ベースとなっているのはガレータと同じ甘く優しい味わい。
そこに、竜の横顔が描かれた方からはナランハ特有の甘酸っぱい風味と僅かな苦みが、貝殻の形の方からはアルマンドラの香ばしい味わいが加わっている。
そして、ガレータとは異なるふんわりとした食感が合わさり、“懐かしい美味しさ”が生み出されていた。
その懐かしい味わいは、過去の記憶の中にある一つのお菓子を思い出させるものであった。
タクミは、三人に向けて賞賛の言葉を送る。
「マドレーヌを生み出すとは驚きでした。味わいも素晴らしいですし、これはお見事です」
「まどれーぬ、ですか?」
聞き慣れない言葉に、思わず聞き返すフィデル。
その質問に、タクミはコクリと頷いてから答えた。
「ええ、私が以前に住んでいたところにもこれと同じような焼き菓子がありまして、それを“マドレーヌ”と呼んでいたのです」
「なーんだ。すっごいのを発明したと思ったのに、同じようなのがあったんっすね。残念っす」
タクミの説明を聞いて、ロランドは肩を落としてしまう。
そこにフォローを入れたのは、ほかならぬ”駅長”であった。
「いやいや。君たちはその“まどれーぬ”とやらを知らずにここまで作り上げたのであろう? であればこれは立派な君たちオリジナルの焼き菓子であろうぞ。タクミ殿もそうで思うであろう?」
「仰る通りです。似ているとは言いましたが、同じものとは限りませんしね。この“ブレッド・ガレータ”は間違いなく三人のオリジナルのものです。私の言い方が悪かったですね。失礼しました」
そういって頭を下げるタクミ。
それで慌てたのはロランドとフィデルの二人だ。
「いやいや、師匠、顔を上げてくださいっす!」
「むしろそこまでされたら申し訳ないです! それに、ブレッド・ガレータよりも、マドレーヌの方がなんかかわいくておしゃれな感じのネーミングですし。な、ロランドもそう思うだろう?」
「ああ、これはマドレーヌ! そう決めたっす! 名前もらってもいいっすよね?」
普段は喧嘩ばかりしているのに、ここぞとばかりに息をぴったり合わせるフィデルとロランド。

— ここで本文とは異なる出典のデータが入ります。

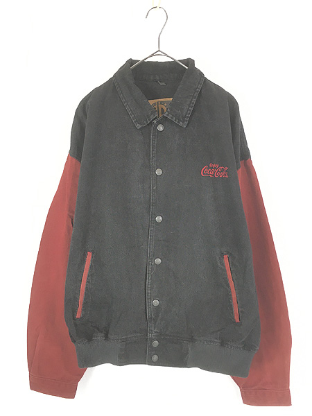 古着 90s Coca-Cola コーラ 企業 刺しゅう ブラック デニム スタジャン ジャケット L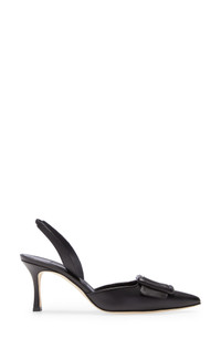 A wrapped buckle sets off the sharp pointy-toe silhouette of an Italian pump lifted by a curvy heel and finished with a stretchy slingback strap. 3 1/4" (83mm) heel;(size 38.5) Elasticized slingback strap Leather upper, lining and sole Made in Italy Women's Designer Shoes

その様子にタクミは口角を持ち上げながらうんうんと二度頷いた。
「もちろん構いません。というより、これは皆さんの“商品”なのですから、どちらの名前で呼ぶかはお任せします。ところで、この鳥の形をしたガレータ、これってもしかして……」
「はいっ! このお店の名前『ツバメ』からとらせていただきましたっ!」
コーヒーを入れてカウンターから戻ってきたルナが、タイミングよくタクミに言葉を返す。
そこに、フィデルがさらに説明を重ねた。
「ルナちゃんの言う通りです。タクミさんからこのお店の『ツバメ』の意味を聞いたのを思い出しまして、一つはゴロンドリーナの形をしたガレータにしました」
「そうすれば、きっとこのお店の名前の由来も広く伝わると思うっす。ちょっと形を切り出すのに苦労するっすけど、でも、頑張るだけの甲斐はあると思うっす!」
「ほほう、ということは、これを作るのに生地を一枚ずつ切り出しておるということかの? それは大変ではないかね?」
ロランドの言葉の最後を聞き逃さなかった駅長が、すぐさま指摘を入れる。
その言葉に、ロランドはうーん、と眉間に皺を寄せた。
「そうなんっすよね。この作業が地味に大変で、手間も時間もかかるからどうやってスムーズに進められるかが難しいんっすしよね」
「最初は手で一枚一枚捏ねて形を作っていたのですが、それでは厚みや大きさがばらついちゃますし……」
ロランドと同じように眉をひそめながら、ルナが言葉を続けた。
二人の話を聞いた“駅長”も、同じように難しい表情を見せる。
「なるほどの。それでは量を沢山作ることは難しいであろう。タクミ殿、何かいい知恵はないかね?」
「それなら抜き型をつかえばいいのなっ! 私も一個いただくのにゃっ!」
タクミが言葉を発しようとした瞬間に背後からにゅっと手が伸び、竜を象ったブレッド・ガレータが一つさらわれる。
いつの間にかやってきていたニャーチだ。
タクミは、うぉっほんと一つ咳払いをしてから、いつものようにニャーチの背中をつまんでぶらーんと持ち上げる。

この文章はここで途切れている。